Longtemps proche de la famille Bo, Patrick Devillers assure ne pas être concerné par les accusations qui pleuvent sur Bo Xilai et son épouse.

Par  et Brice Pedroletti (Phnom Penh, envoyé spécial)

Publié le 19 mai 2012 à 11h09, modifié le 21 mai 2012 à 10h14

Temps de Lecture 5 min.

Bo Xilai et sa femme Gu Kailai, en janvier 2007, à Pékin.

De sa vie antérieure en Chine, Patrick Henri Devillers a gardé le goût des cigarettes Hongdashan, les seules chinoises qu'il trouve au Cambodge, et un solide fond de taoïsme dans lequel il puise sans relâche pour repousser les médias étrangers lancés aux trousses du "mystérieux Français" de l'affaire Bo Xilai. Le nom de cet architecte français de 52 ans n'est pas associé par hasard à celui des "Bo". Sa trajectoire professionnelle et privée a croisé, dans la ville chinoise de Dalian, celle de cette famille de l'aristocratie rouge chinoise au cœur d'un scandale aussi retentissant que protéiforme.

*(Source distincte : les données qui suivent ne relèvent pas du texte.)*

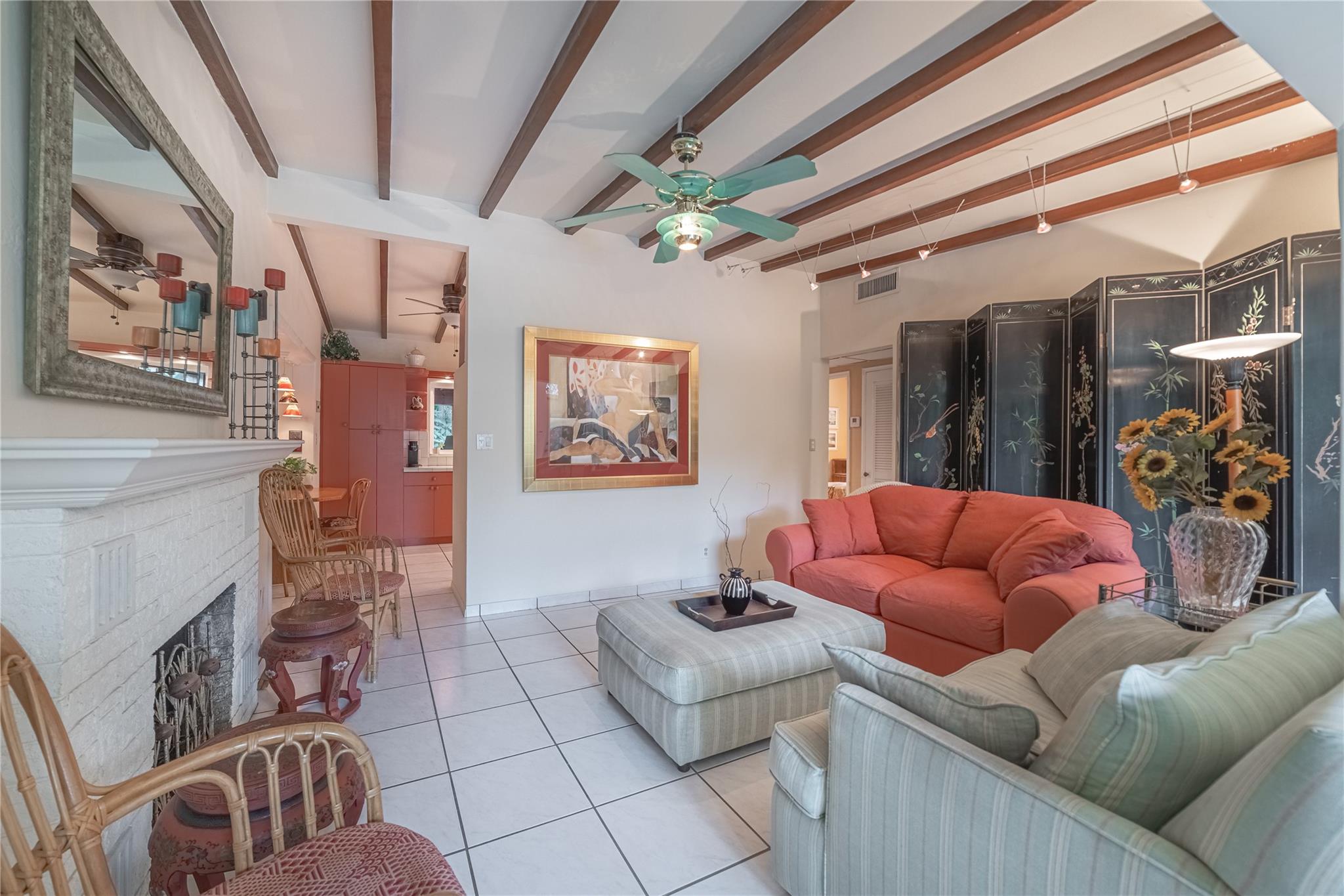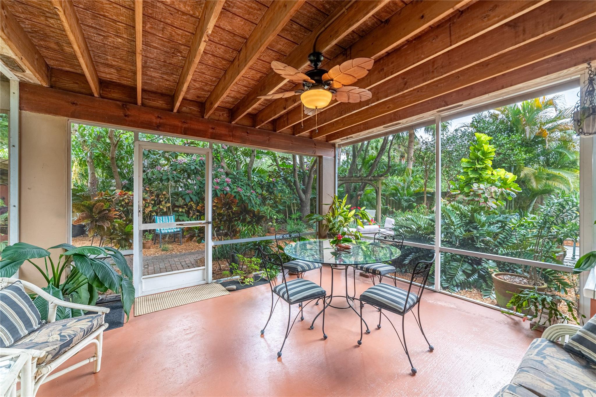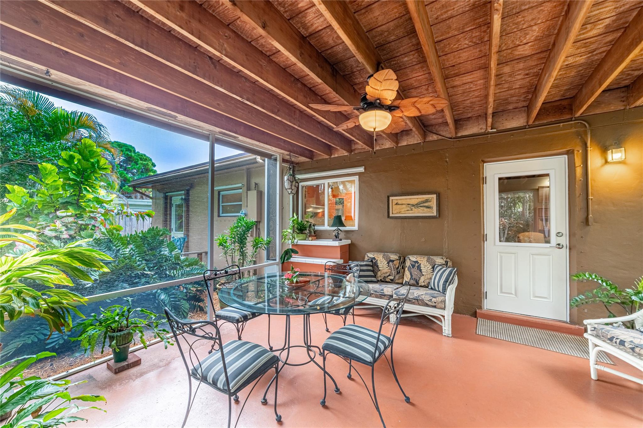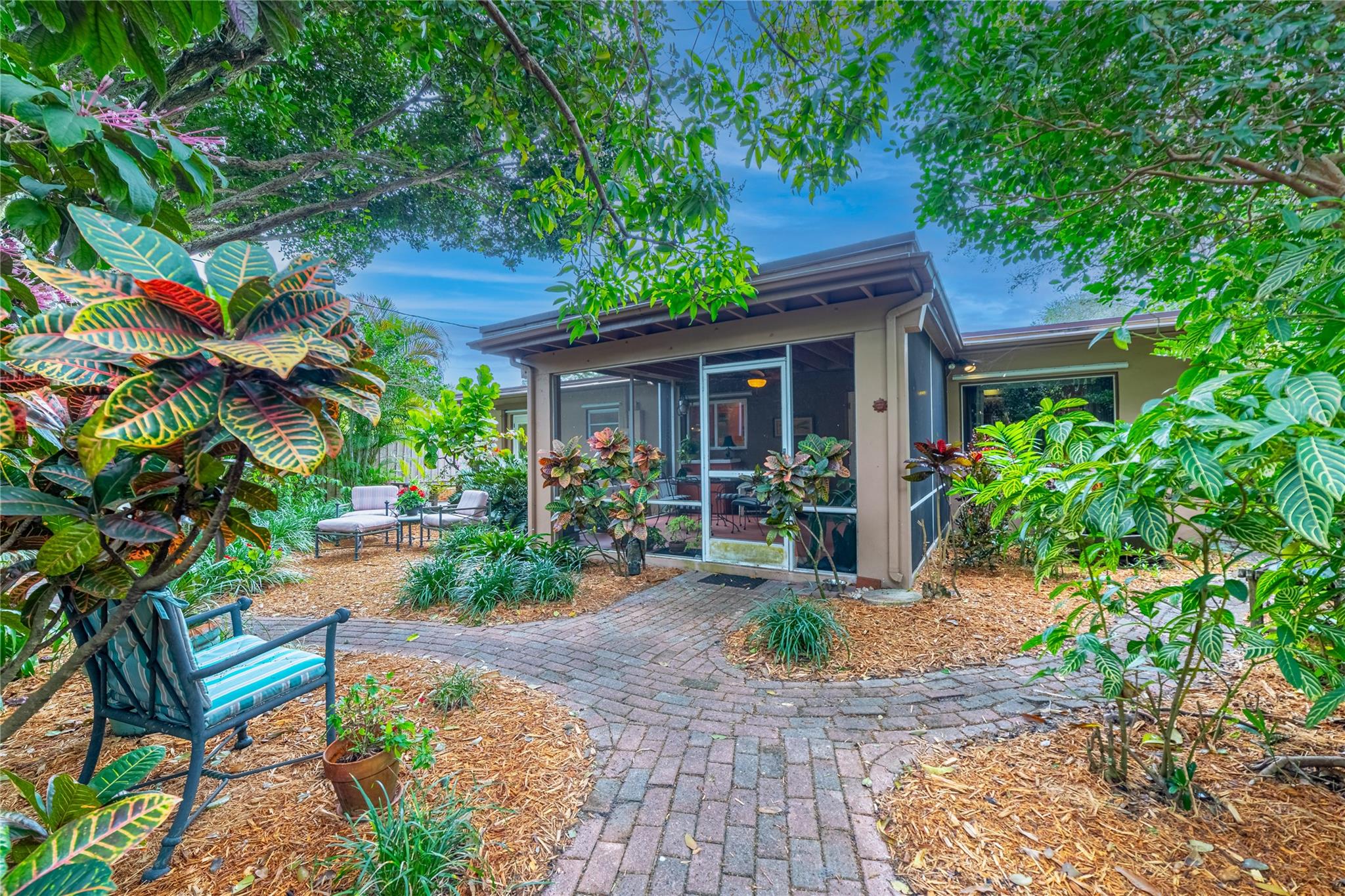 Enjoy Tranquil Gardens & Mid Century Character in this well maintained 2-bedroom 2 bath home in Sought after Shady Banks. Vaulted, Exposed Bean Ceilings, Fireplace, Separate Living, Dining & Family Room. Large Eat in Kitchen with Breakfast Bar. Built in workstation outside of the primary bedroom. Family room off the kitchen with large windows flooded with natural light. Enjoy morning coffee & afternoon cocktails on the screened porch overlooking the lush, mature landscaping. Partial Impact Windows /Doors.2022 roof, 357 sf garage -great workshop or vehicle storage. One way in/out, surrounded by the New River & no through traffic. Enjoy 2 parks with Tennis, Volleyball, Exercise Equipment & a nature preserve along the river with boardwalks, natural crest shoreline next to Safe Harbor Marine.
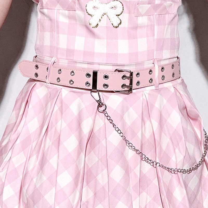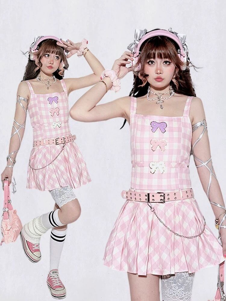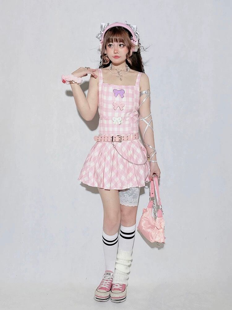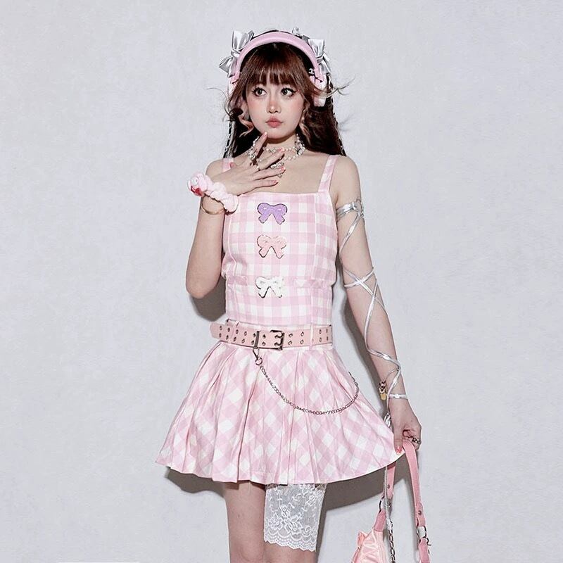 ピンク リボン チェック ガーリー ミニスカート キャミソール
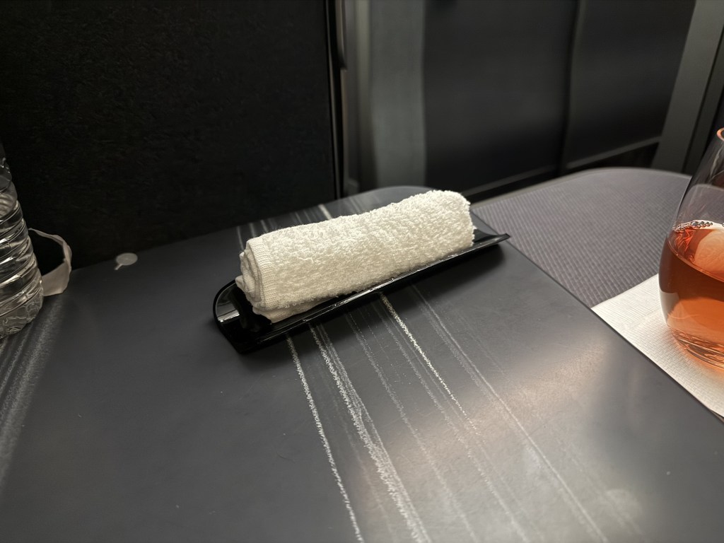 I sneakily asked for a drink before dinner service and while the flight attendant initially asked if I was okay waiting for meal service to ramp up, she ultimately brought me my order: JAL’s SkyTime drink, which I quickly became a fan of. A hot towel was provided shortly after, to wash your hands:
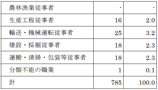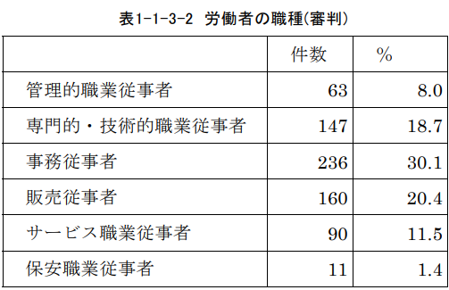 労働審判手続を利用する労働者においては事務従事者が最も多く、30.1%を占めます。これに続くのは販売従事者の20.4%です。次に続くのは専門的・技術的職業従事者(18.7%)、サービス職業従事者(11.5%)、管理的職業従事者(8.0%)となっており、上位5位までの職種はすべてホワイトカラー職種であって、ブルーカラー職種は極めて少なくなっています。

Mais de là à faire de lui un double de Neil Heywood, le consultant anglais dont Gu Kailai, l'épouse de Bo Xilai, aurait commandité l'assassinat à Chongqing en novembre, lui donne le tournis. On sent qu'il tente à la fois de reprendre ses esprits et de se préserver. Le récit de sa vie s'est déchiré, comme le ciel lourd de la mousson en ce dimanche du mois de mai dans le jardin d'un hôtel de Phnom Penh.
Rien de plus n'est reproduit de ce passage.